▸ **INPUT FOR THIS TASK**:
===============

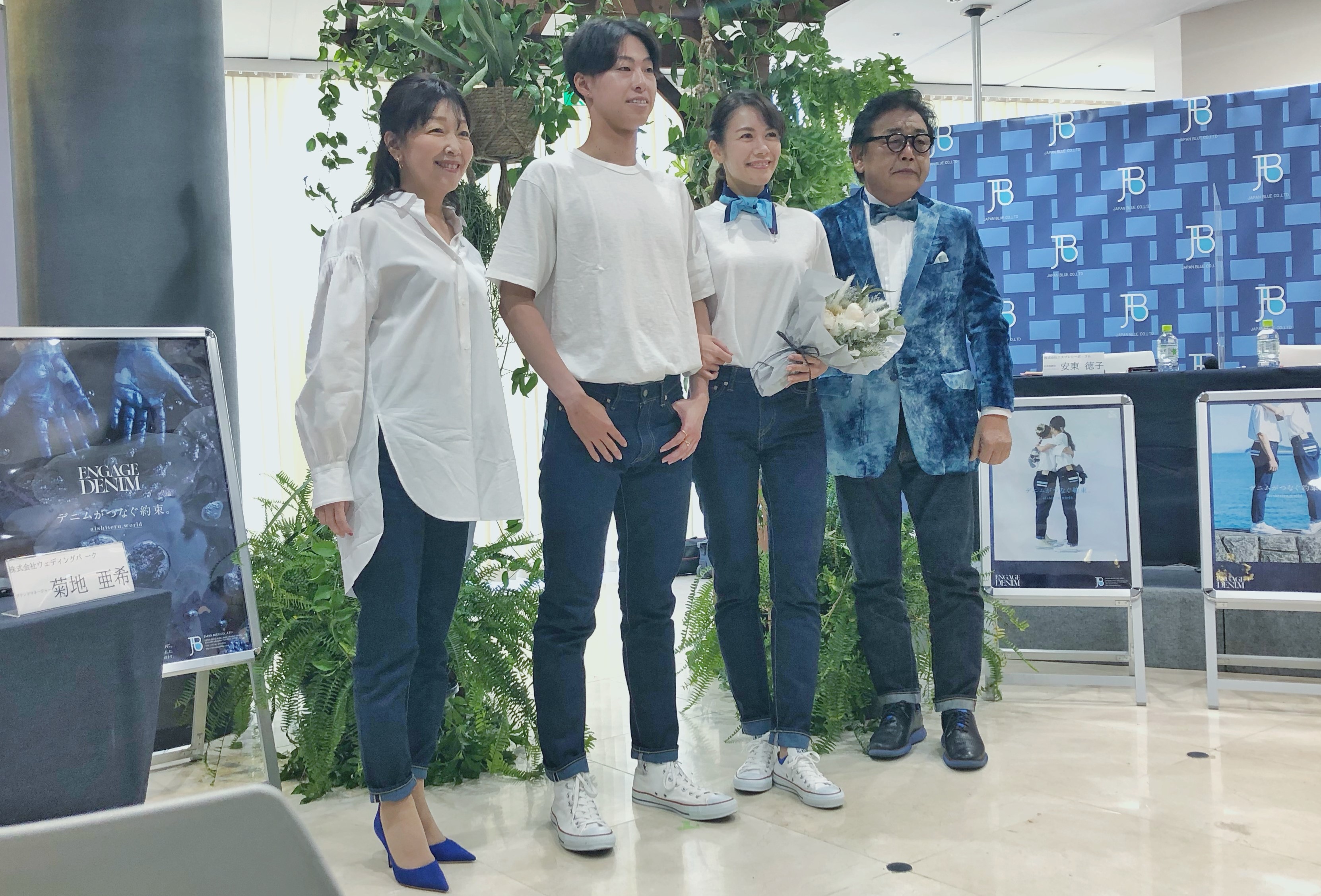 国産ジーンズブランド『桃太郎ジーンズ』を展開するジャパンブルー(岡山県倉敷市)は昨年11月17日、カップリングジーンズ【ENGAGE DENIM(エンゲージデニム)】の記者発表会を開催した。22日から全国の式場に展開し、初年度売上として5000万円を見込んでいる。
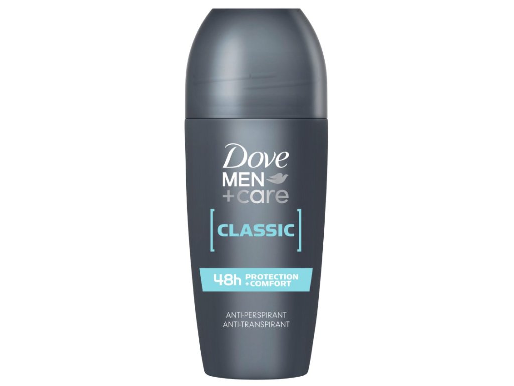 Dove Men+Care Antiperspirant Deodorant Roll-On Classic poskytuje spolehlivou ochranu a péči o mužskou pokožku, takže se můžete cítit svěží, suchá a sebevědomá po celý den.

===============

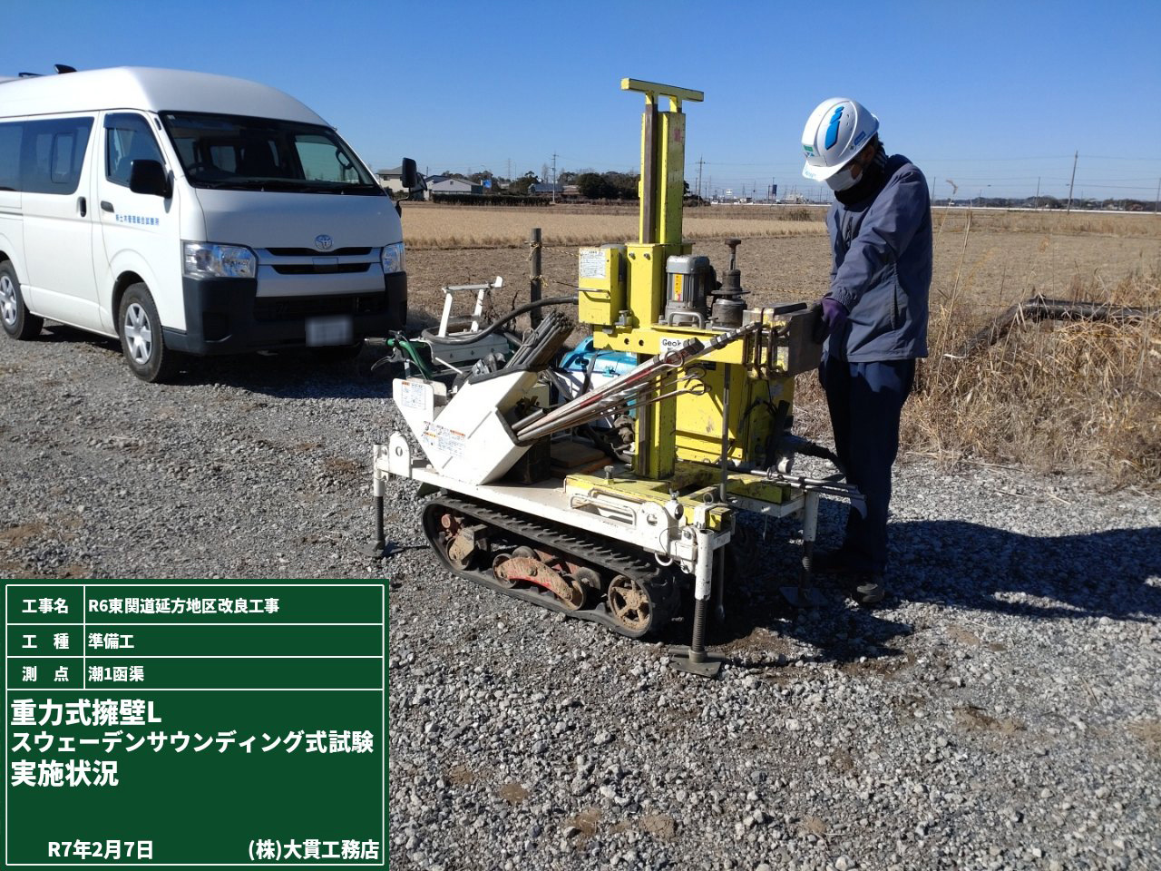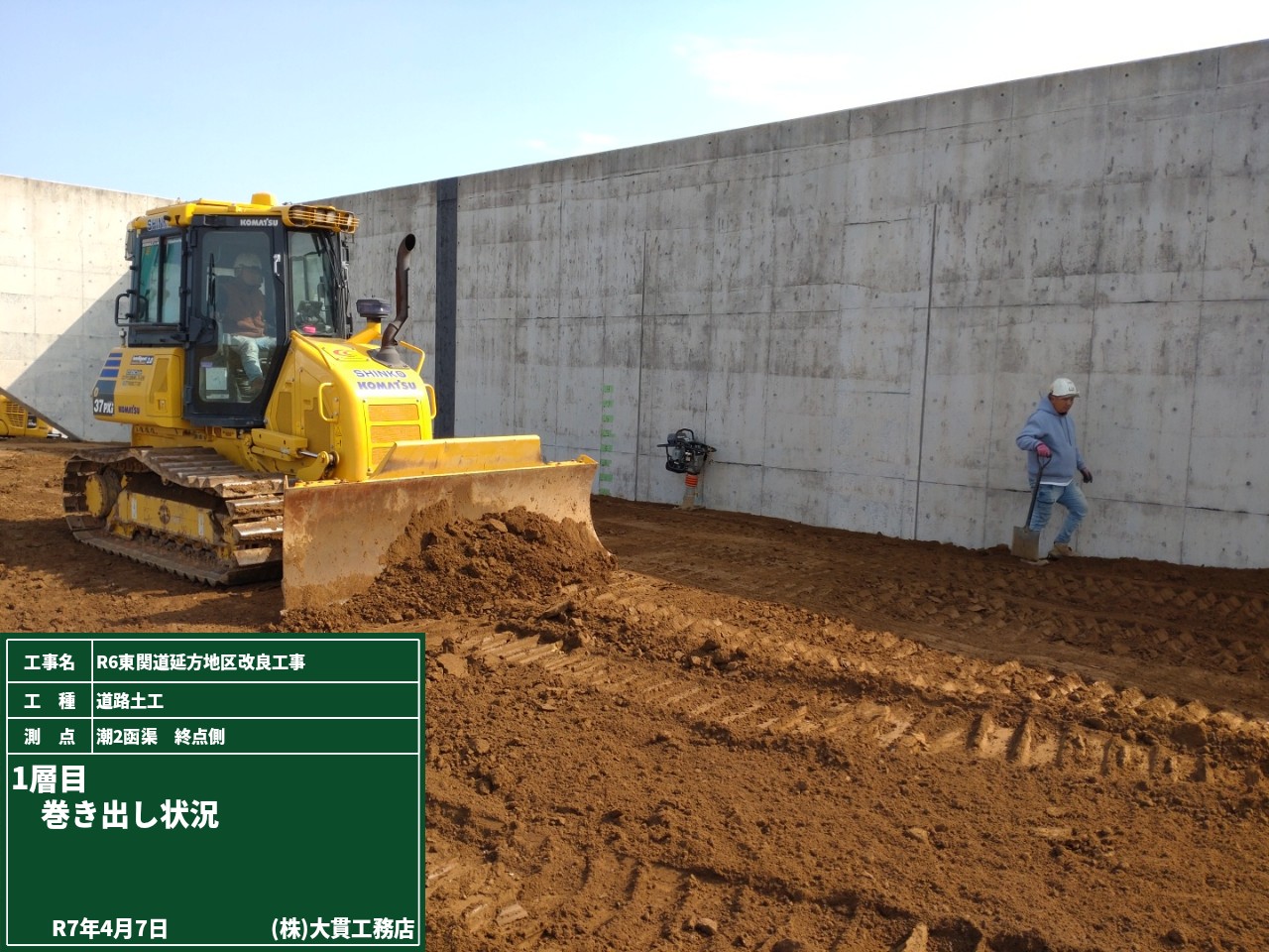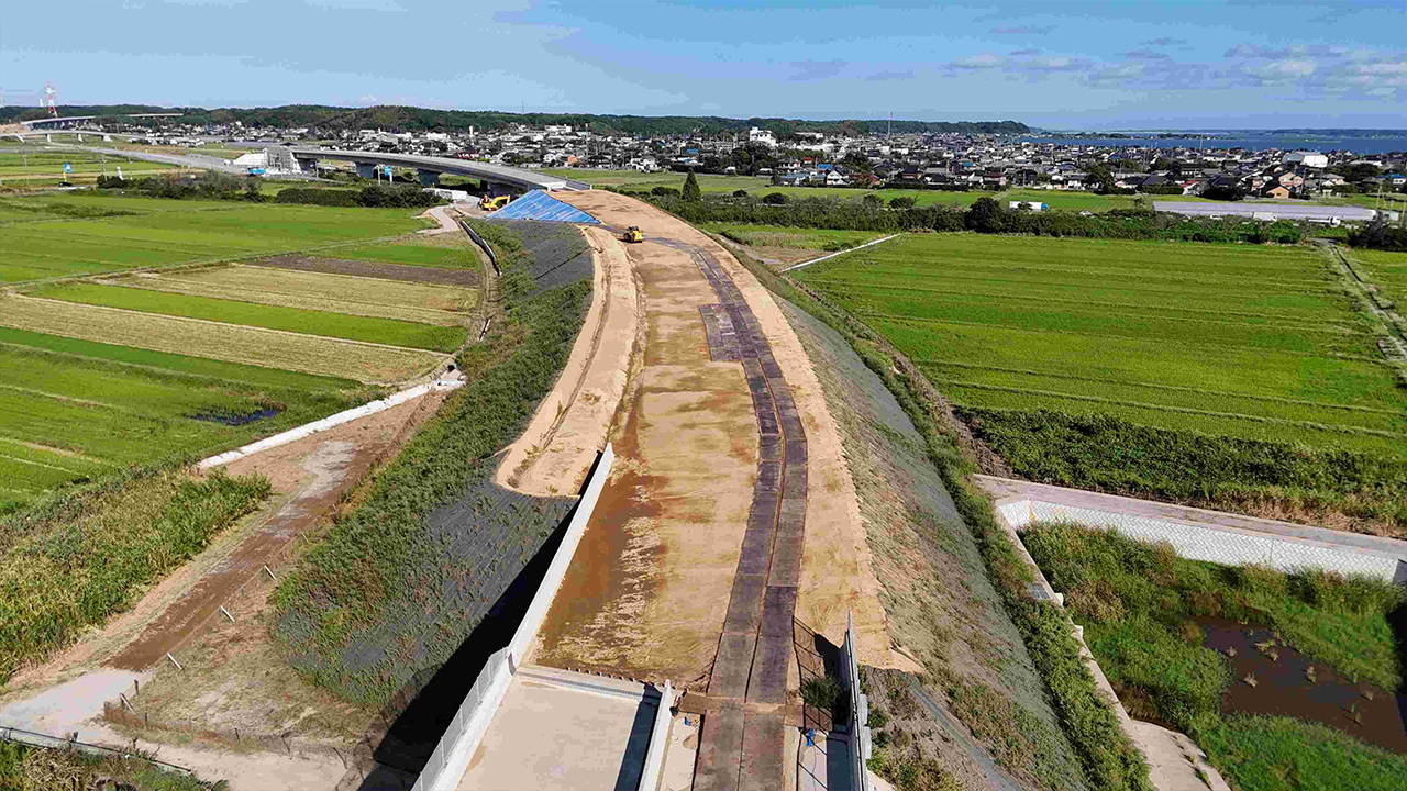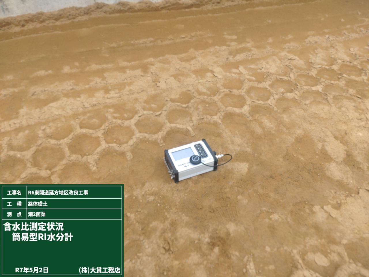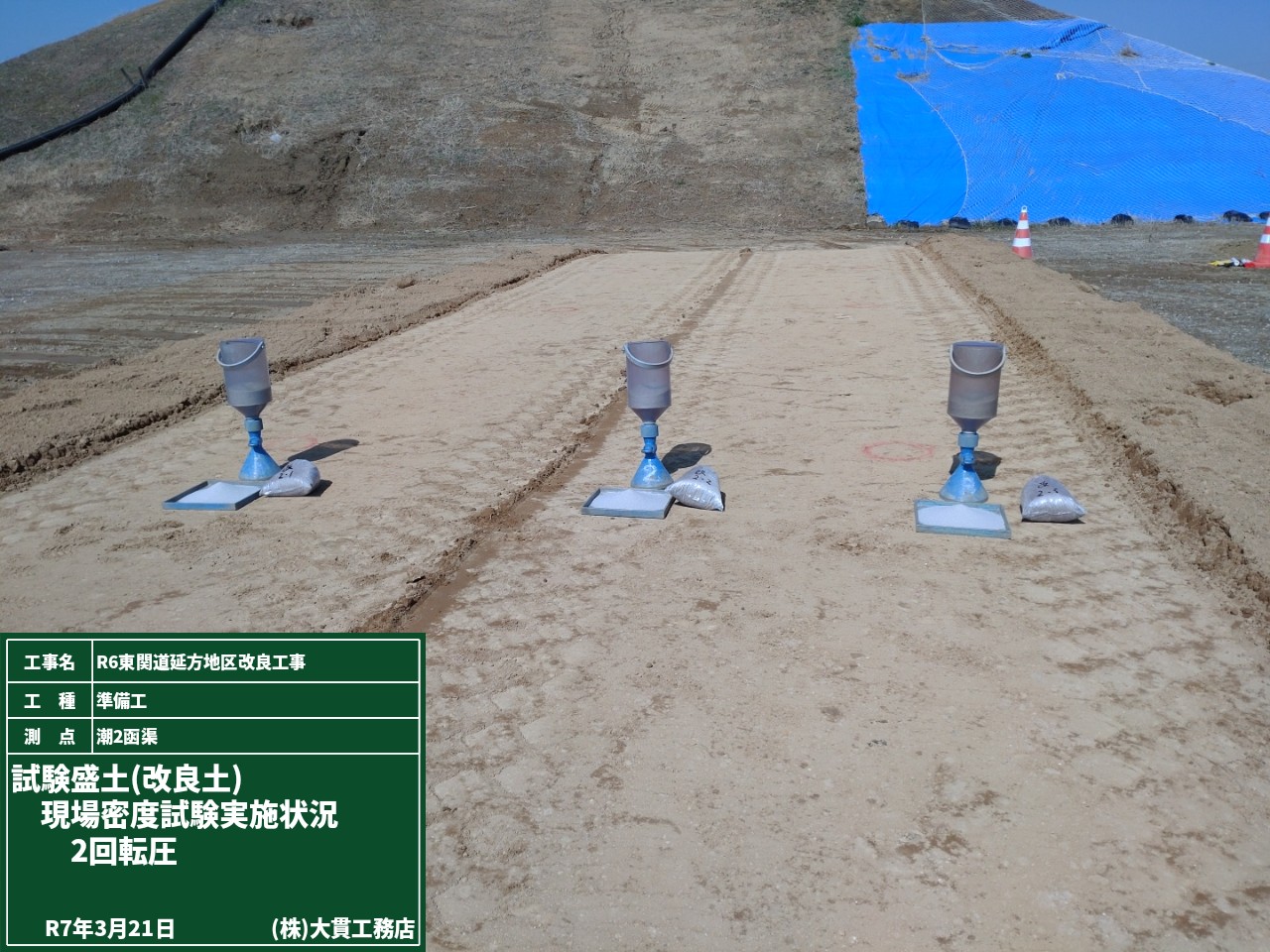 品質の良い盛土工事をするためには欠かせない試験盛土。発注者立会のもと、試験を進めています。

===============

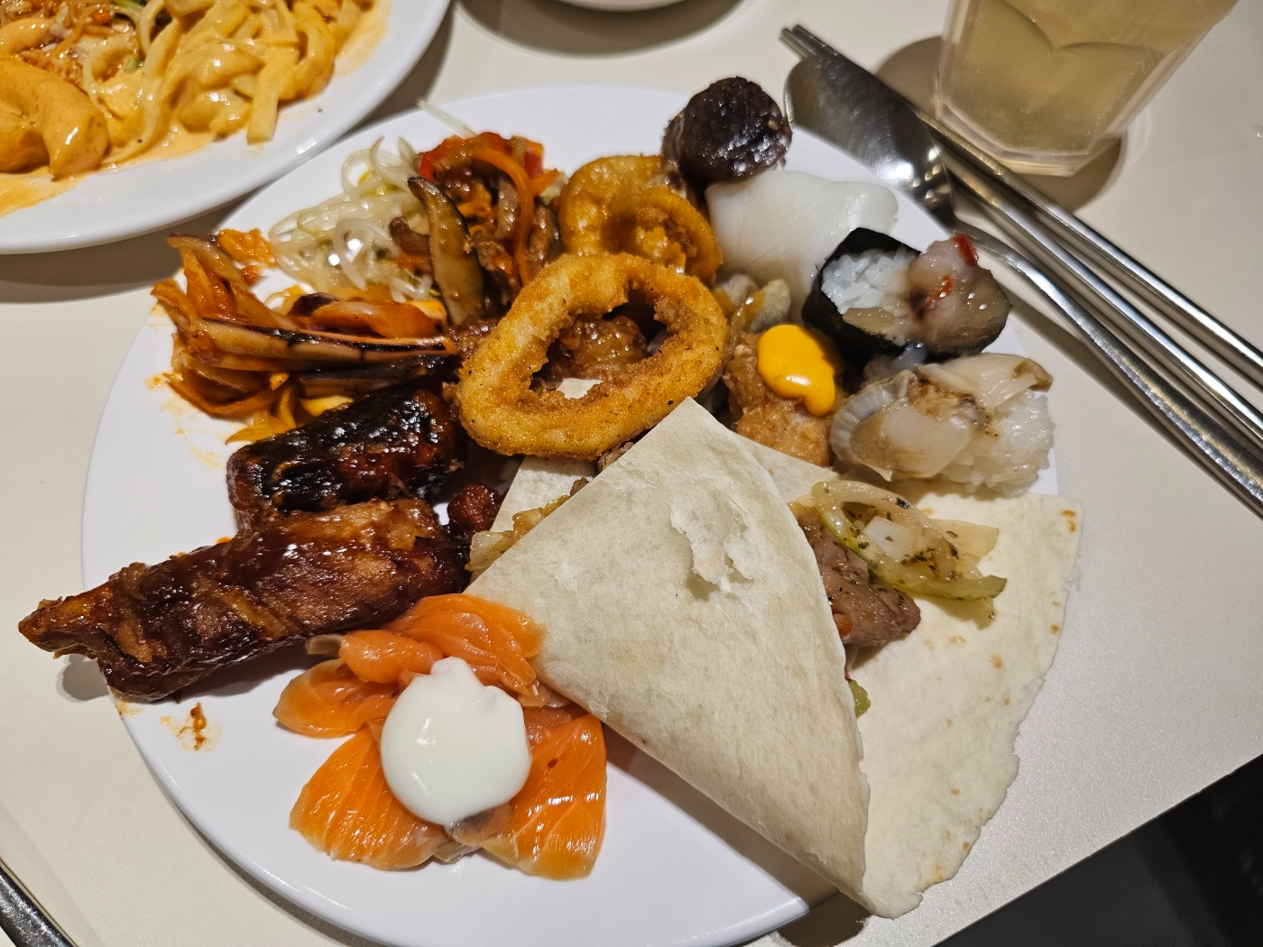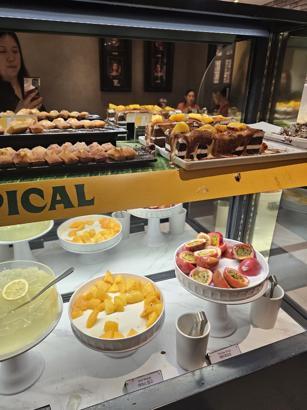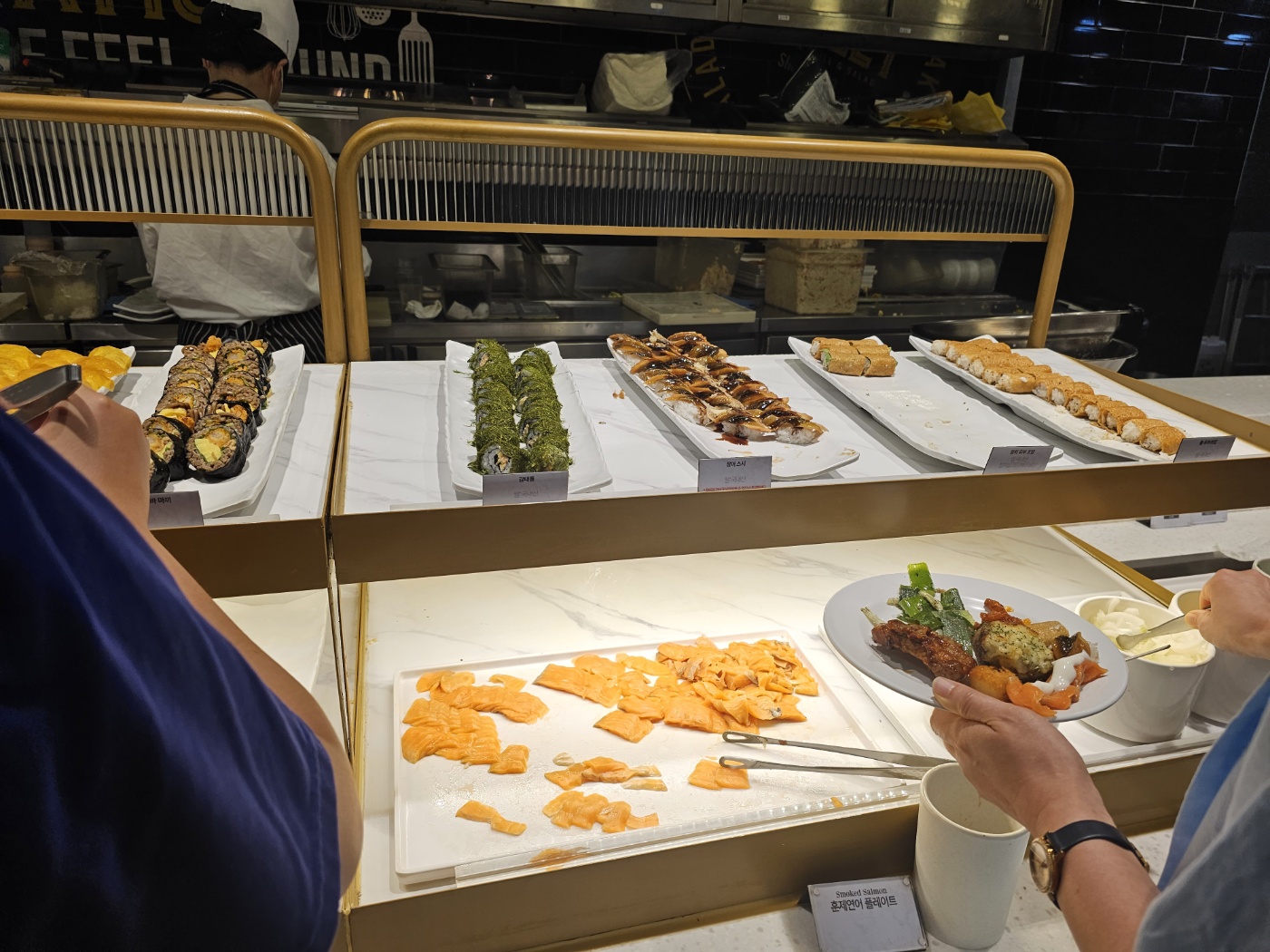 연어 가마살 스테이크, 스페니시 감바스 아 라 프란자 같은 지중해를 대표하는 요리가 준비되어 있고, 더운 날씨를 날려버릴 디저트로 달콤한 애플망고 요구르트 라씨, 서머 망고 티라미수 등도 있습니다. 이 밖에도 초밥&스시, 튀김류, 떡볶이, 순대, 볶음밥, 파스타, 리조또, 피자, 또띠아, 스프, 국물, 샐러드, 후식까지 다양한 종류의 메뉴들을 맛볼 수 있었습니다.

===============

▸ **ASSIGNMENT**: All that is wanted is the lines above between the one containing "国産ジーンズブランド『桃太郎" and the one containing "Dove Men+Care Antiperspirant", inclusive, restated word for word, with pictures omitted.

▸ **YOUR SOLUTION**:
 国産ジーンズブランド『桃太郎ジーンズ』を展開するジャパンブルー(岡山県倉敷市)は昨年11月17日、カップリングジーンズ【ENGAGE DENIM(エンゲージデニム)】の記者発表会を開催した。22日から全国の式場に展開し、初年度売上として5000万円を見込んでいる。
 Dove Men+Care Antiperspirant Deodorant Roll-On Classic poskytuje spolehlivou ochranu a péči o mužskou pokožku, takže se můžete cítit svěží, suchá a sebevědomá po celý den.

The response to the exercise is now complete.